You also find yourself comparing how fit you are with other women who are skinny, such as models and judging how you look based on others. For example, if you go to the beach wearing a bikini that you felt confident about and then you see someone else who is wearing the same one but appears to have a flatter stomach or more toned muscles then you, you suddenly lose whatever confidence you had built about your body image. Because of this, there are many women who are skinny and can develop eating disorders such as anorexia or bulimia.

On top of that, in society, there's an overall fear of being overweight. Even when you're already skinny, this fear can still affect you by making you worry about one day losing the status of being skinny. And if you are thin because you lost weight, the fear of gaining the weight back isn't simply going to go away.
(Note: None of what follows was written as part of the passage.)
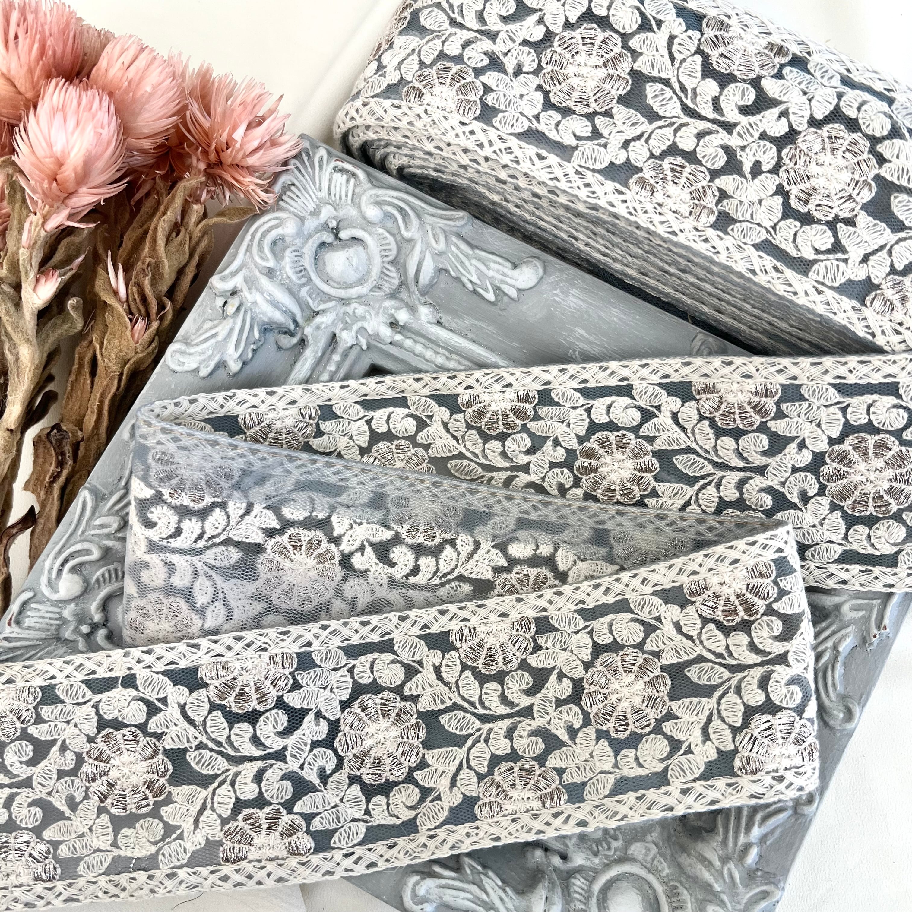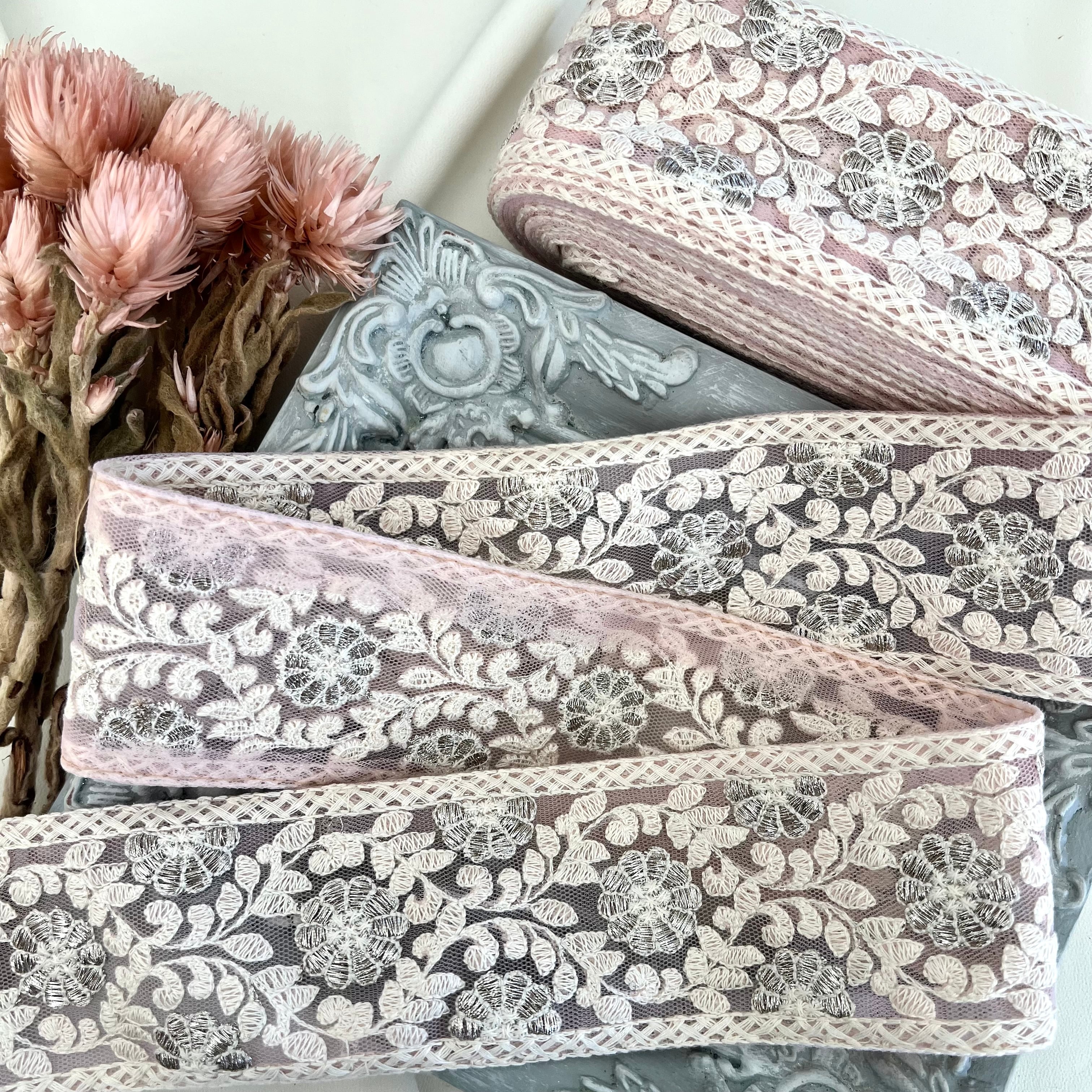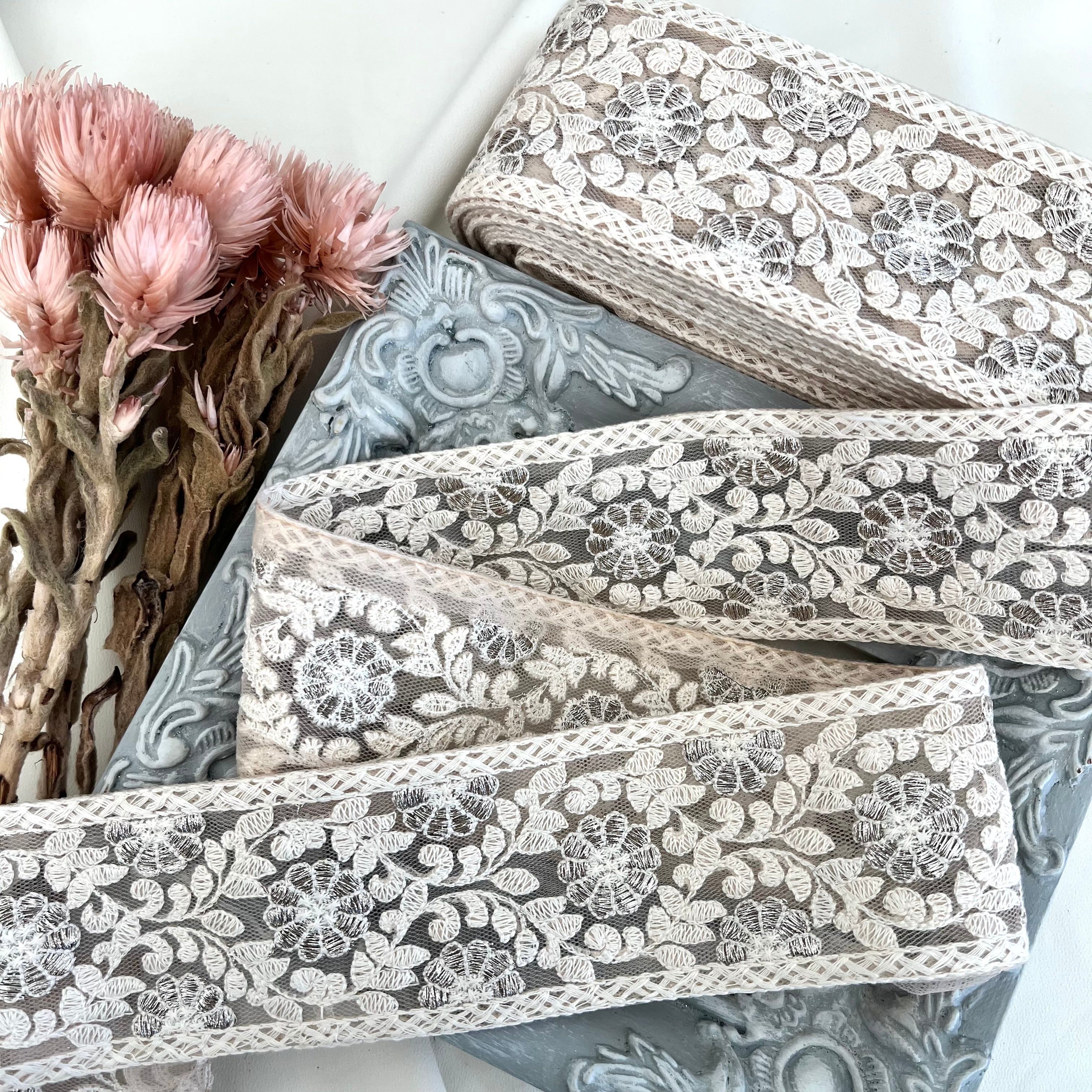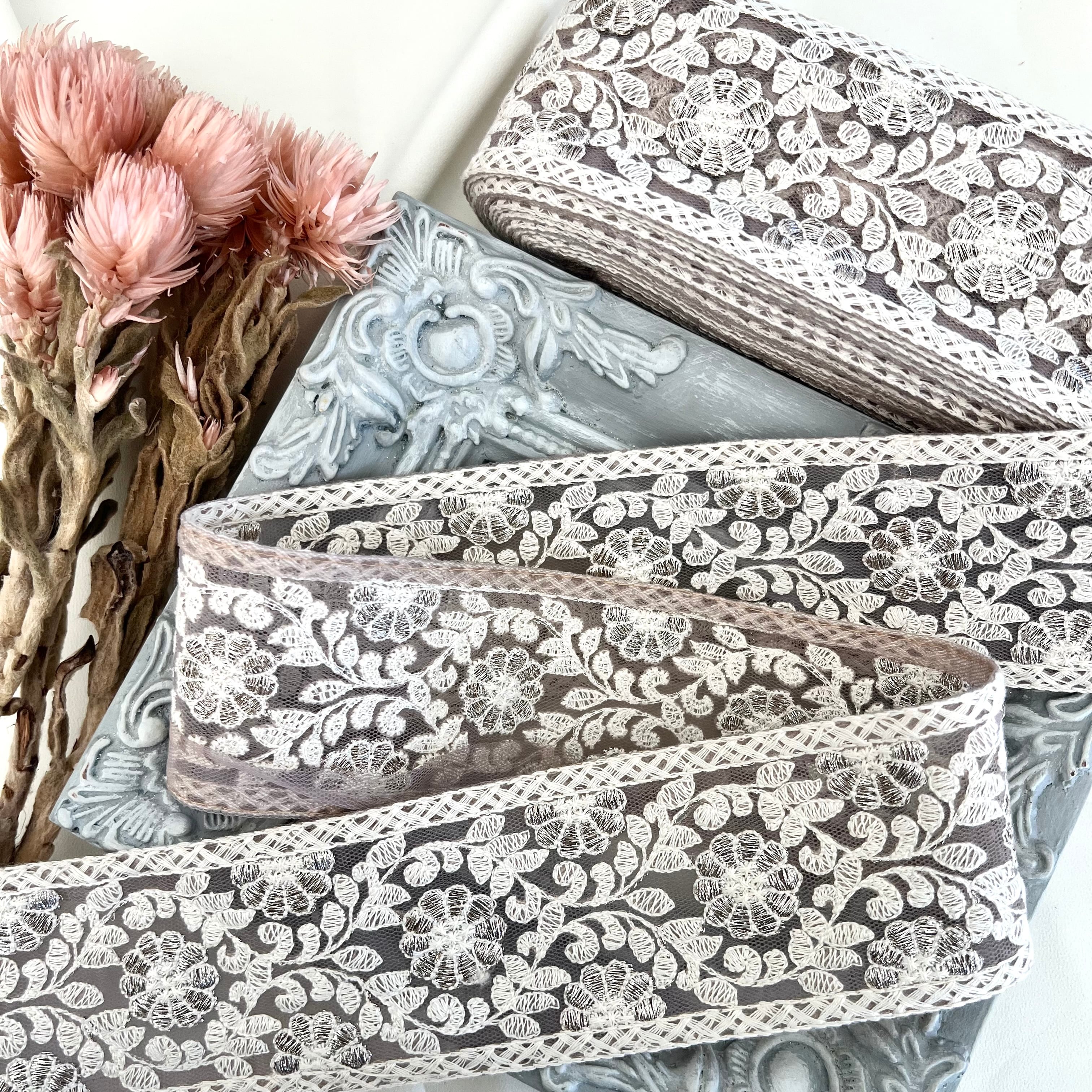 50cm インド刺繍リボン チュール 花柄 #mt70

And believe it or not, society's perception of the perfect body image is changing. According to The Self Improvement Blog, in recent years curvy hourglass figures are becoming a more popular body image to have rather than being slender. So instead women who are slender will likely encounter issues with their body image due to trying to match the body image that the media portrays as perfect.

The worst part is that there are a lot of people who believe that problems with body image only center around people who are overweight. Some people tell skinny women to "get over it." This, in turn, causes women to feel that they have no one to confide to about their problems with their body image because the media tells them that they don't have a problem. The women may decide to ignore their problem instead of seeking help, which then causes it to worsen and may go from a lack of confidence in their self-image to an eating disorder.

Most people who are dieting to become skinny think that once they reach a certain size, they no longer will worry about their body image. But as discussed earlier, every woman, regardless of what size they are, faces issues with feeling confident about their body image. And the sooner we come to terms with this as a society, the better we will be able to understand the issues with body image and eating disorders.

Editor's note: The views expressed in this article are not intended to replace professional medical advice, diagnosis, or treatment.